## Assignment
An exact copy of all the entries is needed, with no images in it.

## Records from a data collection
==*==

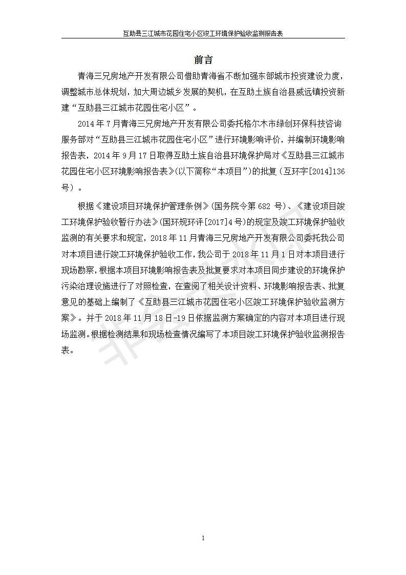 互助縣三江城市花園住宅小區(qū)竣工環(huán)境保護驗收監(jiān)測報告表公示發(fā)布日期:(2019-6-5) 點擊次數:2450 |
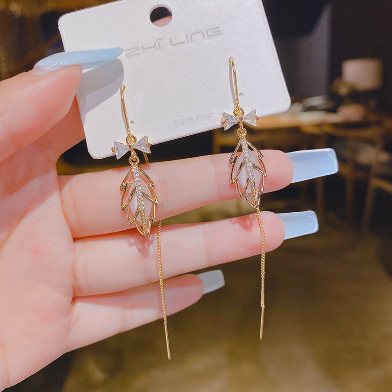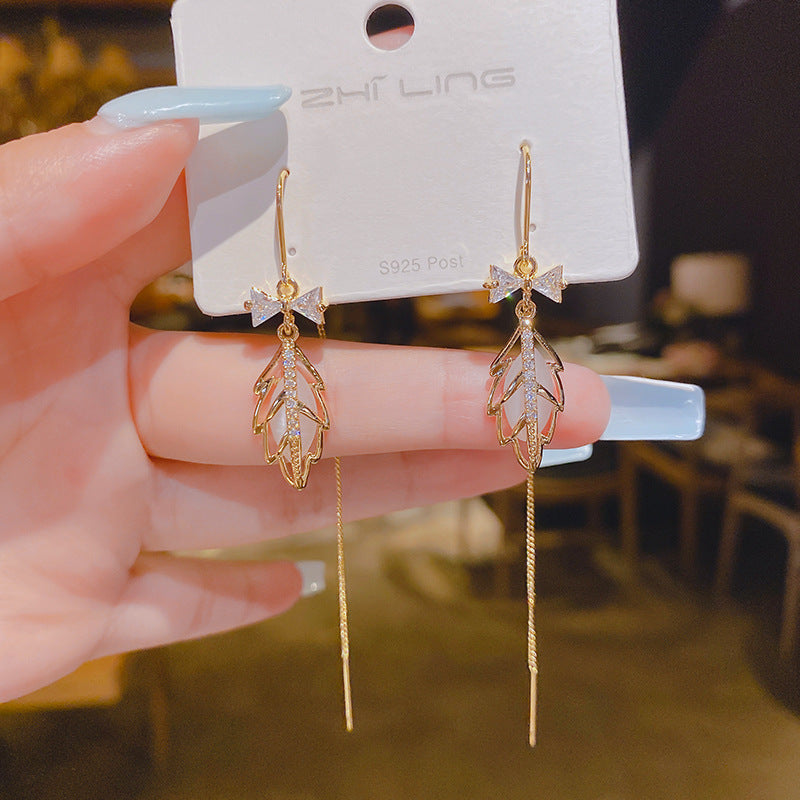 2021 new personality cold wind leaf earrings all-match high-end temperament autumn and winter earrings for women
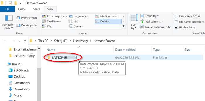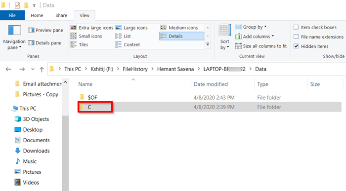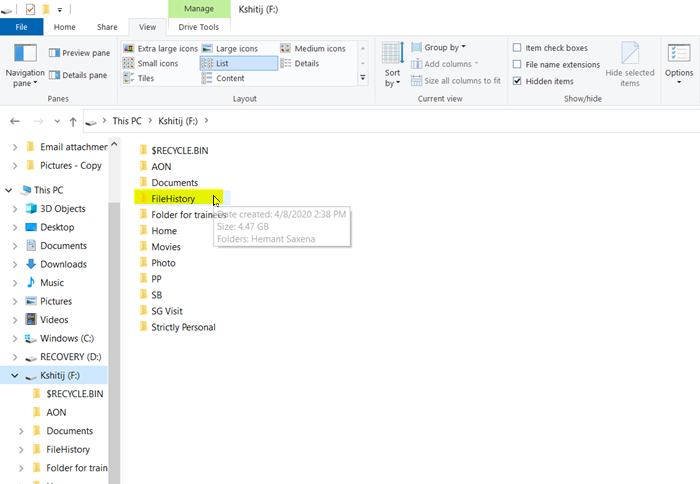 まず、ファイル エクスプローラーを起動します。次のことを確認してください。オプションが有効になっています。次に、ファイル履歴ファイルのあるストレージの場所 (SD カード/USB/外付けハードドライブ) に移動します。ダブルクリックして、ファイル履歴フォルダ。
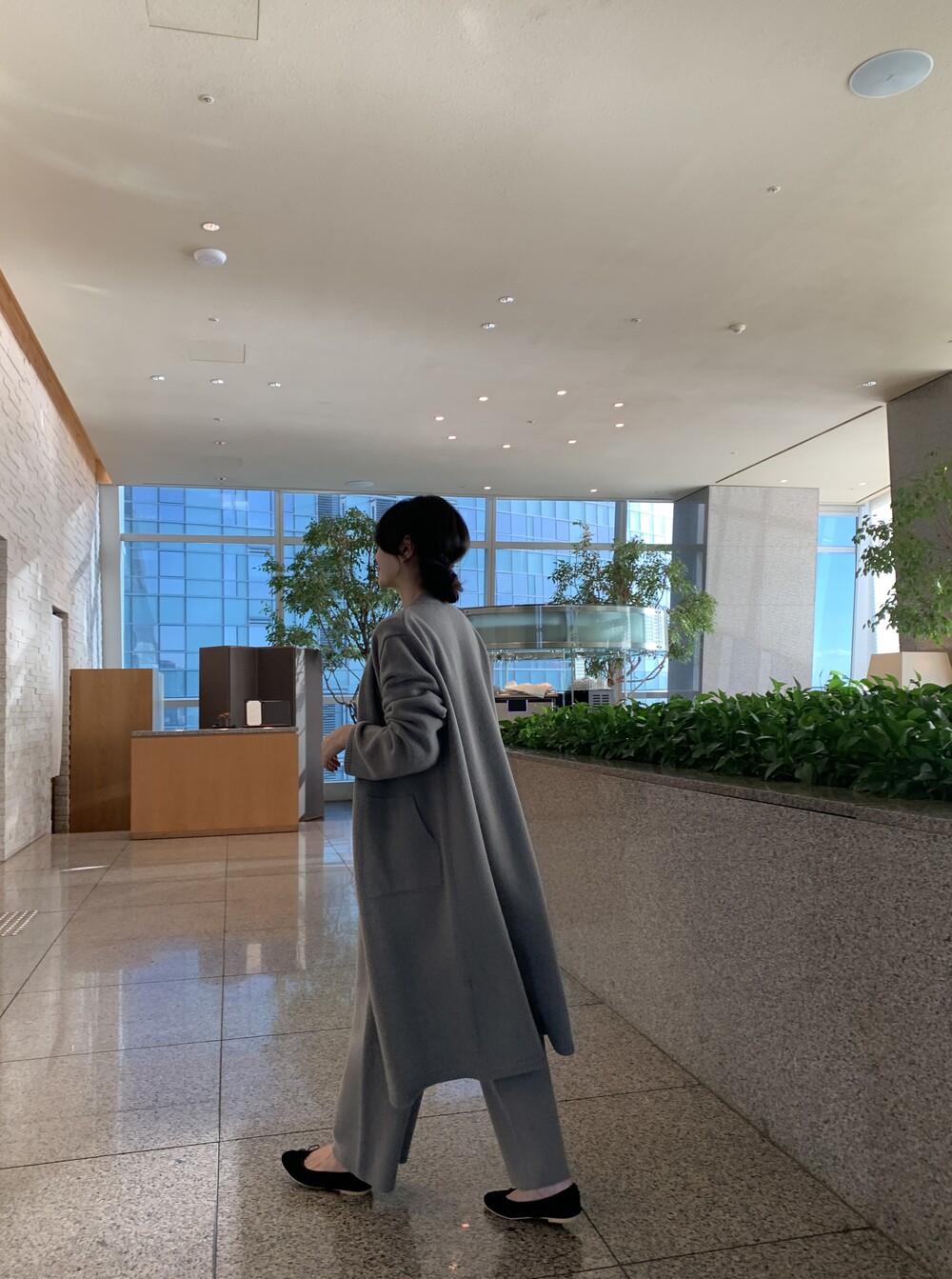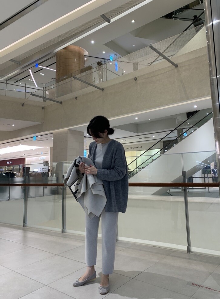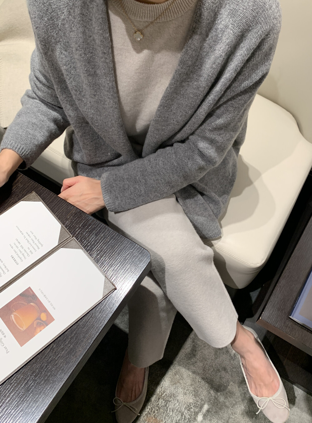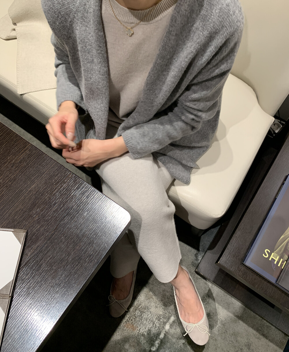 wholegarment mild cardigan (grey) + max inner knit (lightgrey) + max semi-crop knitpants (lightgrey) + suede flat shoes (grey)
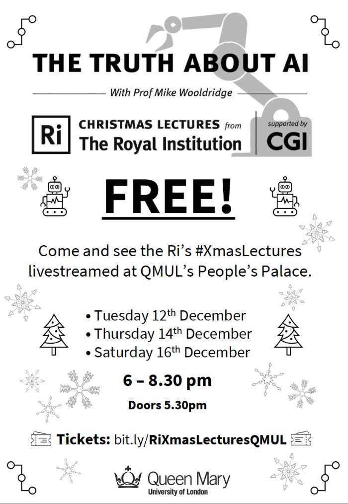 This year the lectures will also be livestreamed to a variety of venues around the UK and Queen Mary University of London is one of them! We’ll be screening the livestream at the People’s Palace in Mile End and also at the Neuron Pod (Centre of the Cell) in Whitechapel. Other venues around the UK will also be screening the livestream.

==*==

## Result below
 互助縣三江城市花園住宅小區(qū)竣工環(huán)境保護驗收監(jiān)測報告表公示發(fā)布日期:(2019-6-5) 點擊次數:2450 |
 2021 new personality cold wind leaf earrings all-match high-end temperament autumn and winter earrings for women
 まず、ファイル エクスプローラーを起動します。次のことを確認してください。オプションが有効になっています。次に、ファイル履歴ファイルのあるストレージの場所 (SD カード/USB/外付けハードドライブ) に移動します。ダブルクリックして、ファイル履歴フォルダ。
 wholegarment mild cardigan (grey) + max inner knit (lightgrey) + max semi-crop knitpants (lightgrey) + suede flat shoes (grey)
 This year the lectures will also be livestreamed to a variety of venues around the UK and Queen Mary University of London is one of them! We’ll be screening the livestream at the People’s Palace in Mile End and also at the Neuron Pod (Centre of the Cell) in Whitechapel. Other venues around the UK will also be screening the livestream.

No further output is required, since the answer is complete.